In order to solve this problem, a safety margin has to be provided, in addition to requiring that DT_abs - OT_abs < 2^N. The value of this safety margin is proportional to 2^N and is determined by a new parameter, called the "SAFETY_FACTOR". Then, for safety the originating node MUST further ensure that (DT_abs - OT_abs) < 2^N*(1-SAFETY_FACTOR).

Each intermediate node that receives the packet with the Deadline-6LoRHE must determine whether ((CT - DT) mod 2^N) > SAFETY_FACTOR*2^N. If this test condition is not satisfied, the deadline time has expired. See Appendix A for more explanation about the test condition. All nodes that receive a packet with a Deadline-6LoRHE included MUST use the same value for the SAFETY_FACTOR. The SAFETY_FACTOR is to be chosen so that a packet with the Deadline-6LoRHE included will be tested against the current time at least once during every subinterval of length SAFETY_FACTOR*2^N. In this way, it can be guaranteed that the packet will be tested often enough to make sure it can be dropped whenever CT_abs > DT_abs. The value of SAFETY_FACTOR is specified in this document to be 20%.

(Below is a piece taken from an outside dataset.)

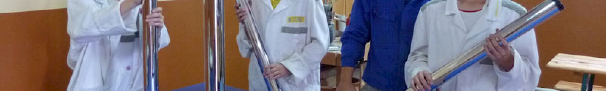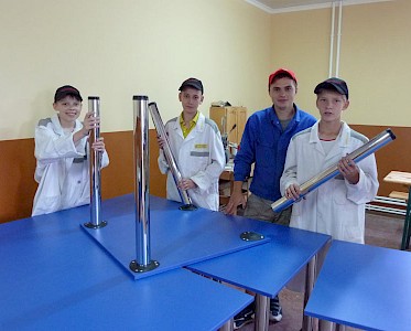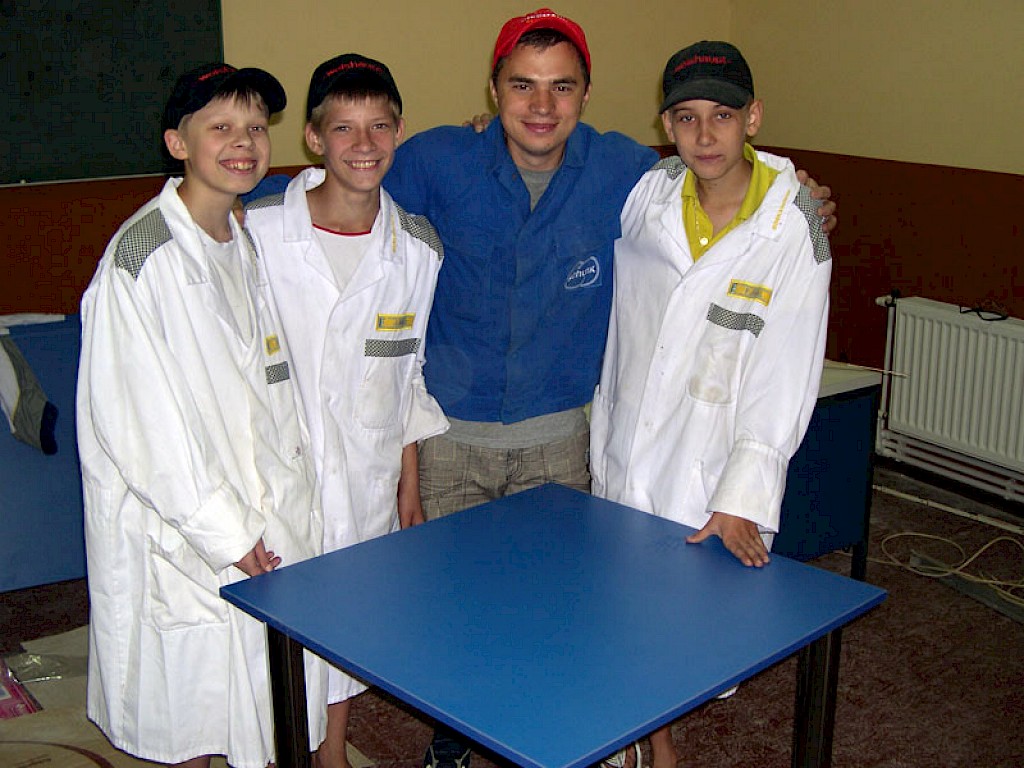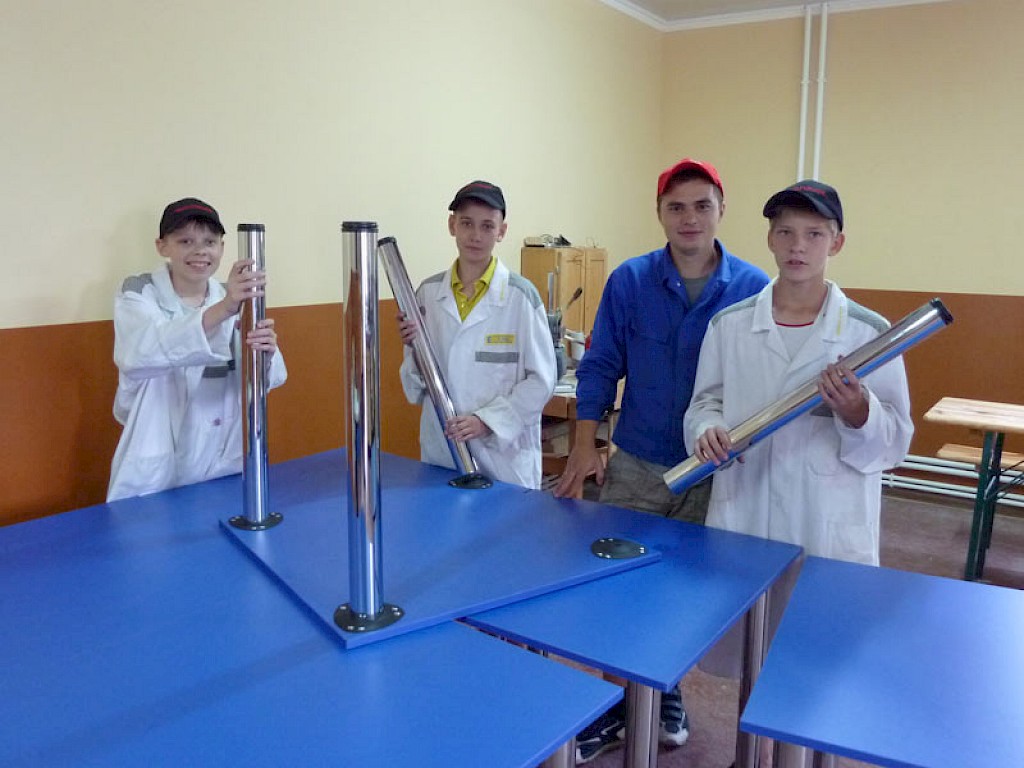 In den vergangenen Tagen ließen wir Tischplatten in einer Schreinerei bauen, an die unsere „Lehrlinge“ Beine schraubten. Ein ehrenamtlicher Helfer baut uns nun für diesen Raum 25 Stühle zum Materialpreis.

Example: Consider a 6TiSCH network with time-slot length of 10 ms. Let the time units be ASNs (TU == (binary)0b10). Let the current ASN when the packet is originated be 54400, and the maximum allowable delay (max_delay) for the packet delivery be 1 second from the packet origination, then:

deadline_time = packet_origination_time + max_delay

= 0xD480 + 0x64 (Network ASNs)

= 0xD4E4 (Network ASNs)

Then, the Deadline-6LoRHE encoding with nonzero OTL is:

DTL = 3, OTL = 2, TU = 0b10, BinaryPt = 8, DT = 0xD4E4, OTD = 0x64

6. Deadline-6LoRHE in Three Network Scenarios

In this section, the Deadline-6LoRHE operation is described for three network scenarios. Figure 4 depicts a constrained time-synchronized LLN that has two subnets, N1 and N2, connected through 6LoWPAN Border Routers (6LBRs) [RFC8929] with different reference clock times, T1 and T2.

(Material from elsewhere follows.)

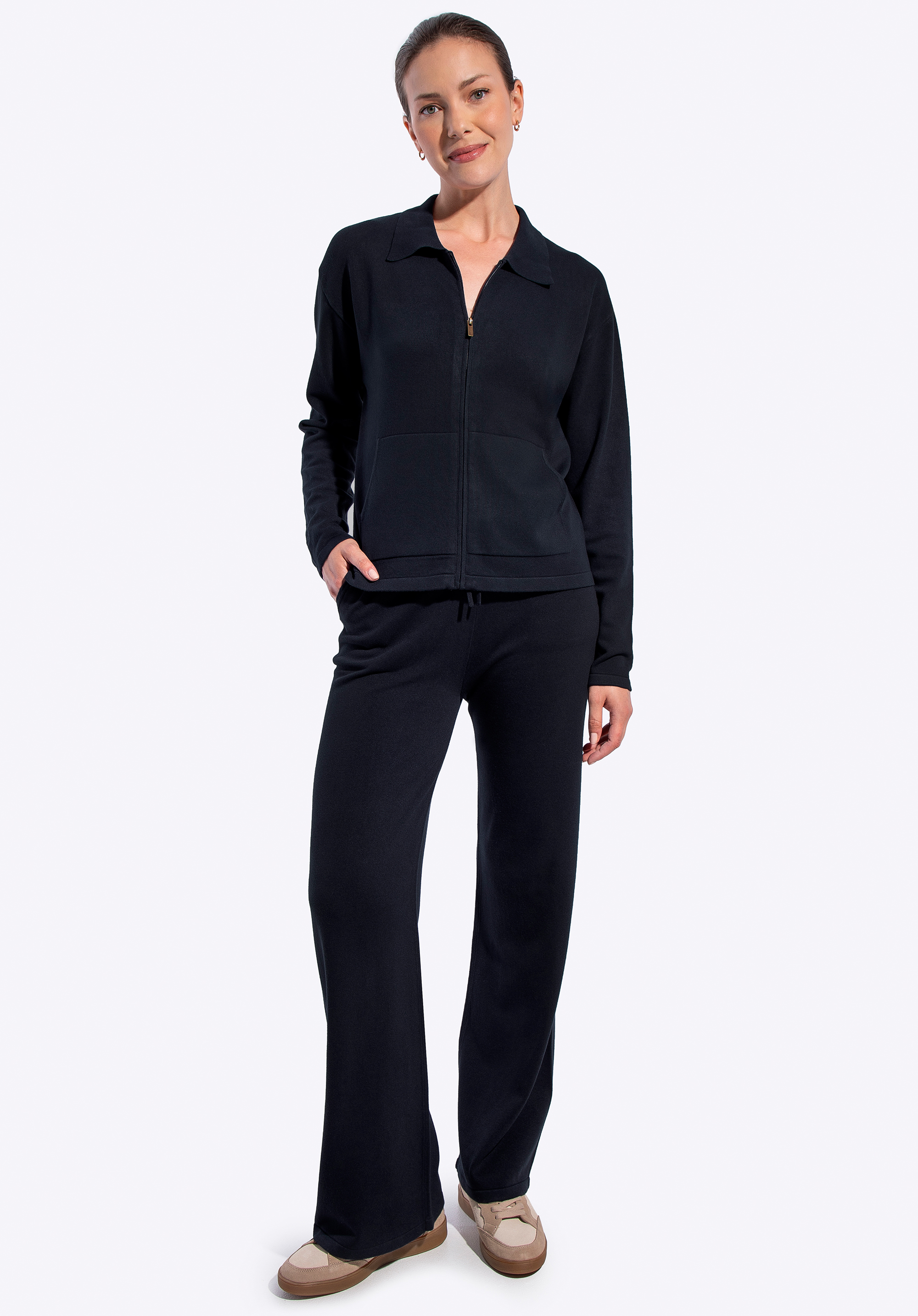 Наша порада: носіть його з джинсами або трикотажними штанами в прохолодні дні. У поєднанні з сорочкою та парою лоферів він створює зручний, але вишуканий образ, ідеальний для осінньо-зимового сезону. Якщо ви любите узгоджені образи, поєднуйте його зі штанами тієї ж в'язки – ви отримаєте готовий комплект, який поєднує комфорт та елегантність.

                       | Time-Synchronized |
                       |      Network      |
                  |                             |
               +-----+                       +-----+
               |     | Backbone              |     | Backbone
          o    |     | router                |     | router
               +-----+                       +-----+
          o                  o               o
              o    o   o               o  o   o  o   o  o
         o      LLN    o                 o  LLN   o  o
            o   o    o      o             o o o     o  o
      6LoWPAN Network (subnet N1)   6LoWPAN Network (subnet N2)
Figure 4: Intra-Network Time Zone Scenario

6.1. Scenario 1: Endpoints in the Same DODAG (N1)

In Scenario 1, shown in Figure 5, the Sender 'S' has an IP datagram to be routed to a Receiver 'R' within the same Destination-Oriented Directed Acyclic Graph (DODAG). For the route segment from the sender to the 6LBR, the sender includes a Deadline-6LoRHE by encoding the deadline time contained in the packet. Subsequently, each 6LR will perform hop-by-hop routing to forward the packet towards the 6LBR. Once the 6LBR receives the IP datagram, it sends the packet downstream towards 'R'.

In the case of a network running in RPL non-storing mode, the 6LBR generates an IPv6-in-IPv6 encapsulated packet when sending the packet downwards to the receiver [RFC9008]. The 6LBR copies the Deadline-6LoRHE from the sender-originated IP header to the outer IP header. The Deadline-6LoRHE contained in the inner IP header is removed.

                ^          | 6LBR  |       |
                |          |       |       |
                |          +-------+       |
        Upward  |         /      /| \      | Downward
        routing |      (F)      / |  \     | routing
                |     /  \    (C) |  (D)   |
                |    /    \    |  | / |\   |
                |  (A)    (B)  : (E)  : R  |
                |  /|\     | \   / \       |
                | S : :    : :  :  :       v
Figure 5: Endpoints within the Same DODAG (Subnet N1)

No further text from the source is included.